Счёт годам в допетровскую эпоху вёлся преимущественно от сотворения мира. Считалось, что Христос родился через 5508 лет после того, как Бог отделил свет от тьмы, создал землю и человека. Прибавляем к 2001 году 5508, и выходит: нынешний год от Сотворения мира — 7509-й.

В романе приверженцы старого обряда называют Христа не Иисусом, как приняла наша Церковь при Никоне, а по-старому — Исусом.

Князь Юрий Долгорукий называется двояко: Юрий и Юрья. Двоякое написание имени боярина запечатлёно в многочисленных документах.

Скажем о Болоте. Так москвичи называли место против Кремля, в Замоскворечье, где выставлялись головы, руки и ноги казнённых. Голова Стеньки Разина несколько лет устрашала любителей вольницы. На Болоте же совершали казнь сожжением в срубах.
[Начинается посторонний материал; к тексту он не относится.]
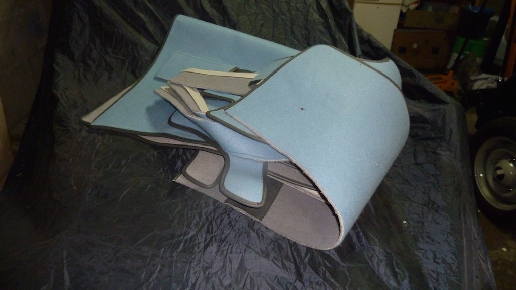 On and On and On as they say. So I am trying to get all the jobs done and out of the way to stop providing me with an excuse not to start on the engine rebuild. I think I am pretty much out of "other" job now. I put in place the rear seat arms and fixed them permanently. I also made good the rear parcel shelf as the vinyl I had cut to the template was a little short with my new headliner. All good now though. I found the carpet set we bought from Retro Mobile.... not this year... but last year (nearly one of the first things we bought for this car  ). It is from Neoretro and is pretty good quality. Attachment: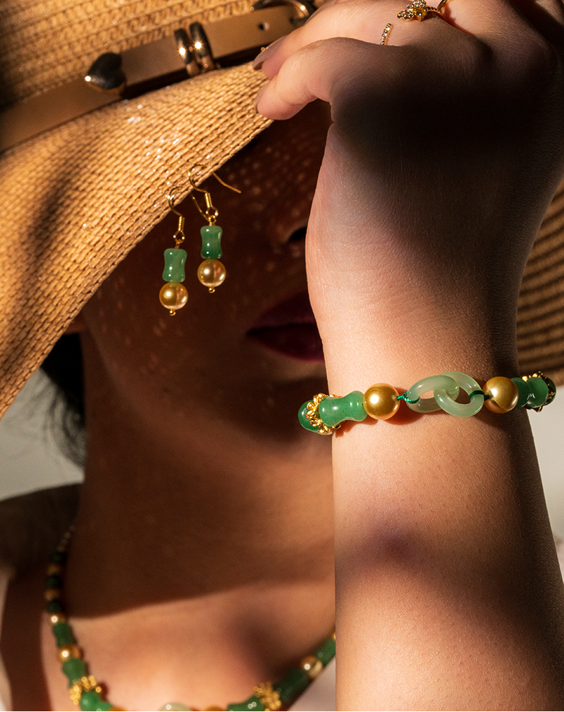ست آونتورین سبز طلوع شوکا شامل گردنبند، دستبند و گوشواره با ترکیب سنگ طبیعی آونتورین سبز و مرواریدهای ظریف است که در کنار مهرههای طلایی جلوهای گرم و چشمنواز ایجاد کرده و انتخابی شیک برای استایلهای روزمره و مهمانی محسوب میشود.

Несколько раз в романе встречается слово «блядь». В XVII веке оно было обличительным, но не матерщиной. Боголюбивый царь Алексей Михайлович произносил это слово в храмах, ругая священников за допущенные ошибки в службе, это слово для поношения своих врагов употреблял в письмах и книгах протопоп Аввакум. «Блядь» означало измену вере, отступничество от заветов отцов.

Россия XVII века не знала антисемитизма. Иудей, принявший христианскую веру, был своим человеком, а вот русский, впавший в жидовствующую ересь, воспринимался как отступник, как враг. Эта ересь возникла в конце XV столетия в Новгороде, проникла в Москву, в высшие слои общества, и была осуждена на Соборе.

В романе встречаются цитаты из книг и писем Аввакума. Аввакум — один из главных героев романа. Он великий русский писатель, великий борец. Его письма — живое слово, дошедшее до нас из XVII века. Протопоп иногда писал сложно, но он знал: читать его будет вся Россия и все его поймут. Так что письма Аввакума — свидетельство об уровне духовности и грамотности народа той давней эпохи.

И скажем ещё об «аз». «Аз» для церковной речи — «я». Церковность была сутью жизни в допетровские времена. Вот почему герои романа в особо значительных разговорах, в спорах употребляют «аз» вместо «я».

Другие устаревшие слова, понятия, термины, чины мы приводим в словаре.

А теперь — в XVII век, к праотцам нашим...

Загрузка...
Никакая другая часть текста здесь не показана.